23 I can't believe stupid liberals are promoting Alger Hiss is "innocent BS". Even the Russians have admitted he was guilty as sin. I suppose these are the same people that claim the Rosenbergs were innocent too.
Posted by: Vic We Have No Party at May 22, 2016 09:05 AM (vvmPQ)


Yeah, the "Hiss was innocent" narrative has become, or maybe it always has been, a left-wing cottage industry. A few years back, I found a website ran by Alger's son Tony that was a clearing house of information proclaiming his father's purity, and provided reassurances to faithful progressives and reinforcements of their beliefs.

Posted by: OregonMuse at May 22, 2016 09:12 AM (IYUoZ)

24 18 Posted by: Mike Hammer, etc., etc. at May 22, 2016 09:10 AM (9mTYi)

Those "simply misguided mules" are precisely the idiotic audience for these Alger Hiss haigographies.

Without their stupidity the Cold War would have been over by 1968 or so.

Posted by: sven10077 at May 22, 2016 09:12 AM (g8Hfr)

25 As I recall, Vic is a big fan of the Mistborn series and I very much enjoyed The Way of Kings, the first in the 'Stormlight' series.
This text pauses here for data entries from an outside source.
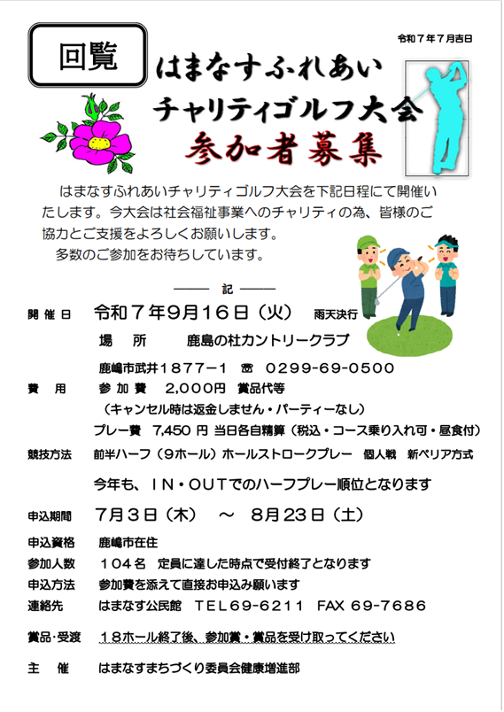 はまなすまちづくり委員会主催事業により、今年も『はまなすふれあいチャリティゴルフ大会』を下記日程にて行います。
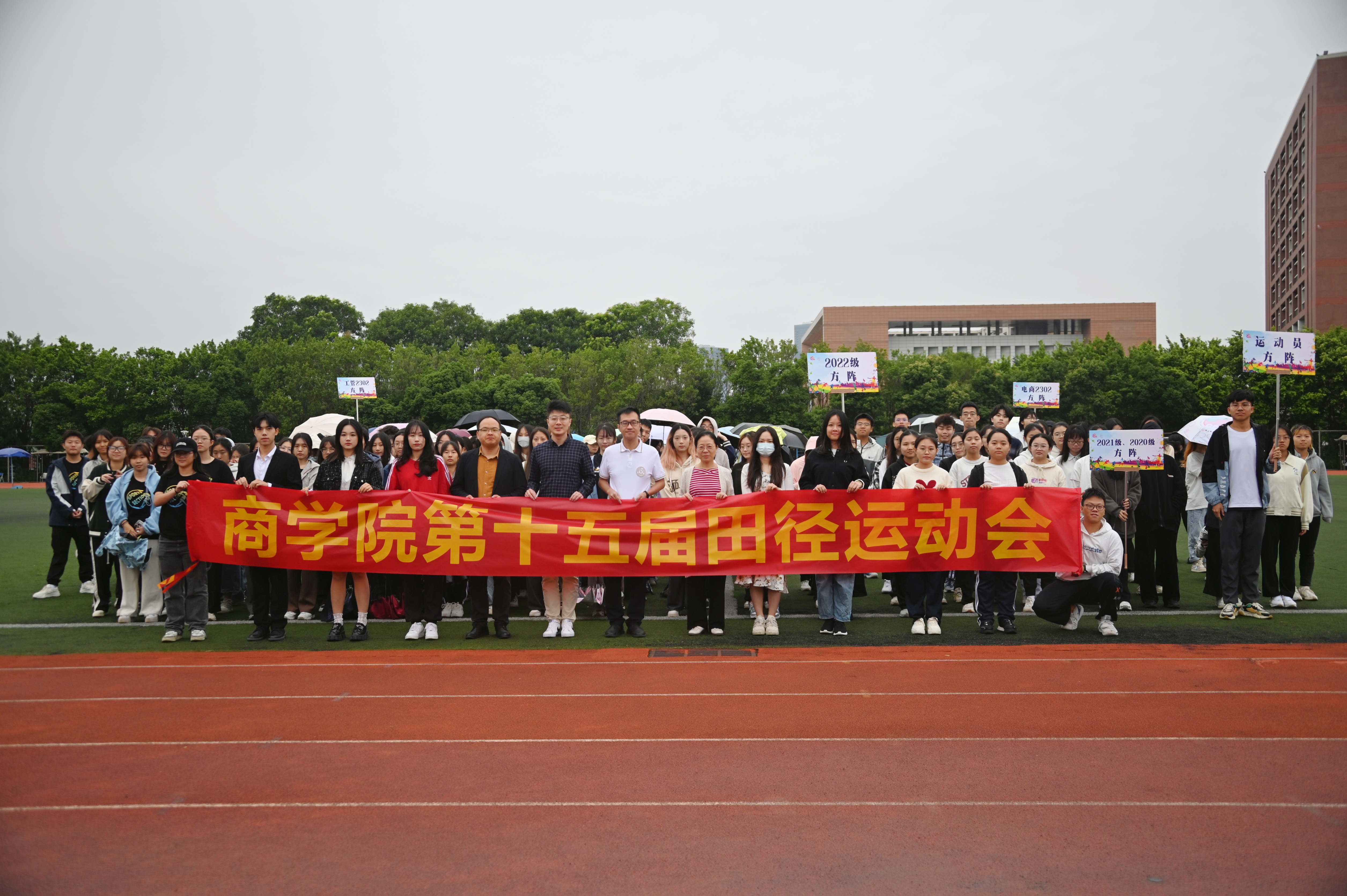10月21日,bevictor伟德官网在大学城校区假草场上举办“燃动力·逐热血青春”第十五届田径运动会。商公司党委书记肖喜明、党委副书记沈长霞、党委组织员向媛薇、团委书记张哲、辅导员刘富先、秦雨、罗毅颖与各年级员工代表、运动员、裁判员出席开幕式。
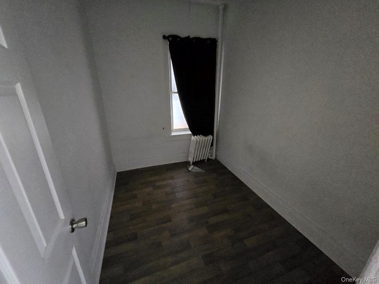 - Unfurnished bedroom featuring dark wood-type flooring, radiator heating unit, a ceiling fan, a baseboard radiator, and cooling unit
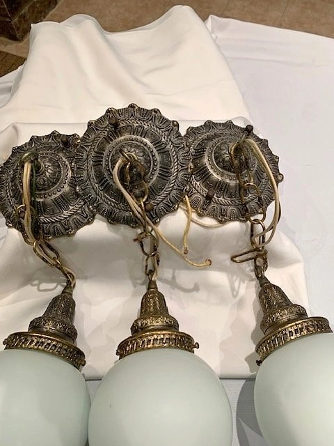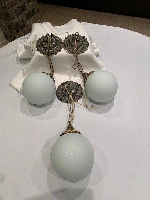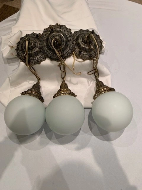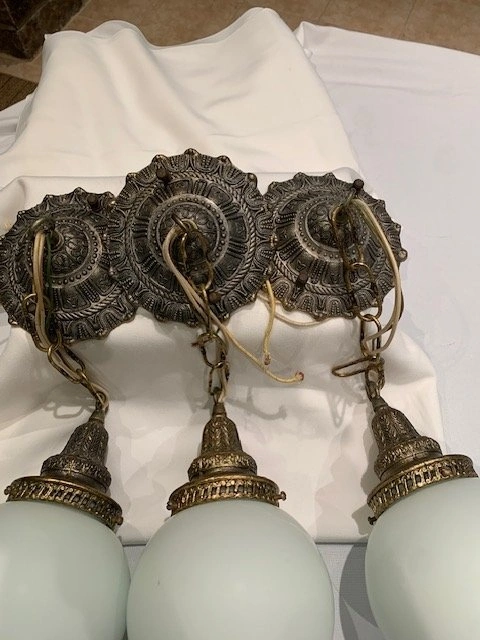3 Vintage Ceiling Light Fixtures Milk Glass Globes
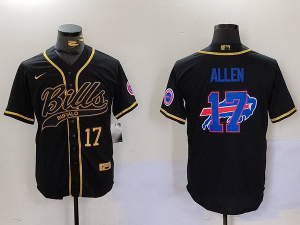 Men Buffalo Bills 17 Josh Allen Black Cool Base Stitched Baseball Jersey 7
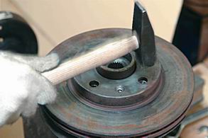 3. Если тормозной диск не поддается снятию от руки, обстукиваем его молотком по поверхности, не соприкасающейся с тормозными колодками.
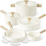 Compatible with All Cooktops: Designed for versatility, this cookware set features a reinforced die-cast aluminum base that heats up quickly and evenly. Perfect for all stovetops, including induction, it ensures a reliable cooking experience with minimal effort.
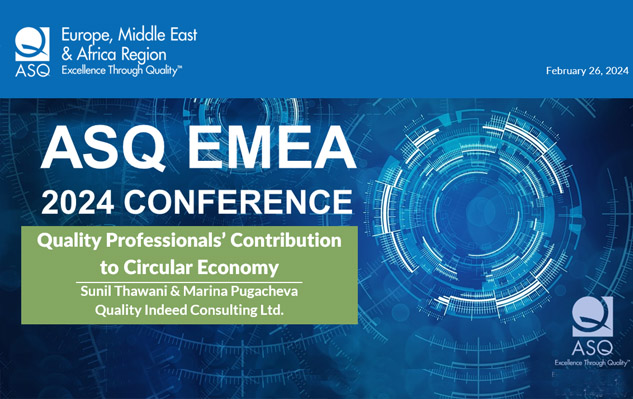 Delivered speech titled “Quality Professionals’ Contribution to Circular Economy” at ASQ EMEA 2024 Conference” UAE, February 2024.
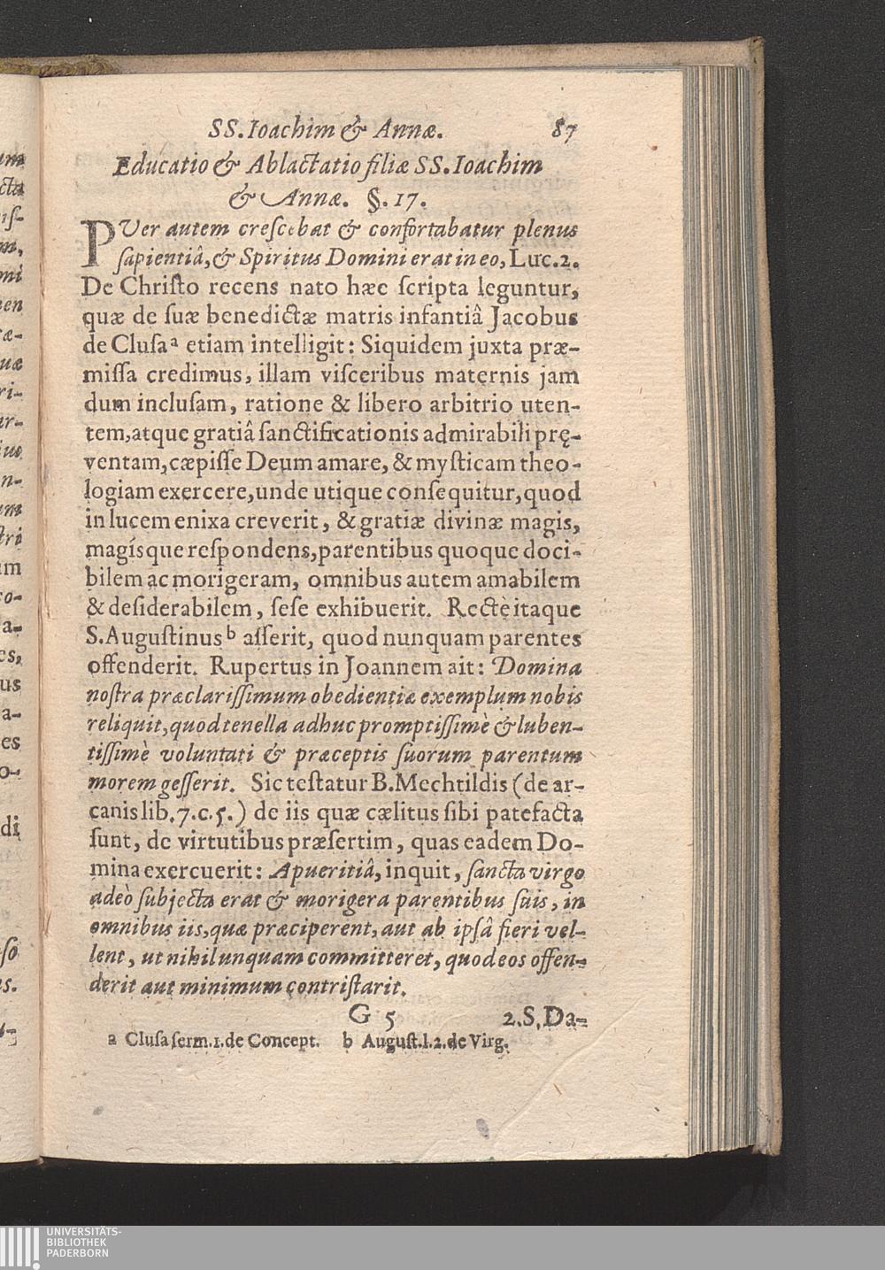 Historia Sanctorum Joachim Et Annæ Geneseos, Vitæ, Transitus Et Connexorvm : Nec non Qvæstiones Pro Tuenda Veritate Asceticæ : Partes Duæ / Auctore R. P. F. Jacobo Polio Ordinis Minorum Recollectorum Provinciæ Coloniæ Chronologo
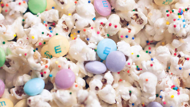 Kick your popcorn up a notch, birthday style, with this simple recipe from Peanut Blossom. It uses melted chocolate with cake batter mixed in, sprinkles, and M&M's. The best part? You can customize all the decorations to match your party theme!

Haven't got around to the sequel Words of Radiance, yet, but it's on my list.


Yes I am. There are several new ones out I am waiting for the price to come down on.

Posted by: Vic We Have No Party at May 22, 2016 09:13 AM (vvmPQ)

26 Posted by: BurtTC at May 22, 2016 09:06 AM (Dj0WE)

There's a good book yet to be written about the Zinoviev papers provency.
Posted by: sven10077 at May 22, 2016 09:10 AM (g8Hfr)


And of course it WILL depend on who writes it.

Posted by: BurtTC at May 22, 2016 09:13 AM (Dj0WE)

27 21 Posted by: steevy at May 22, 2016 09:11 AM (B48dK)

Hiss was a peripheral part of FDR's "Scarlet Whiz Kidz."

Footloose Frank KNEW he had communards on the payroll and told people who told him "fuck off."

Teddy was by far the best of the Roosevelt Knickerbocker bloodline.

Posted by: sven10077 at May 22, 2016 09:14 AM (g8Hfr)

28 I highly recommend "Witness" by Whitaker Chambers. Once a Communist himself, Chambers understood the destructive force of people like Hiss. Superbly written firsthand account of history.

Posted by: Murph at May 22, 2016 09:15 AM (JX1Wq)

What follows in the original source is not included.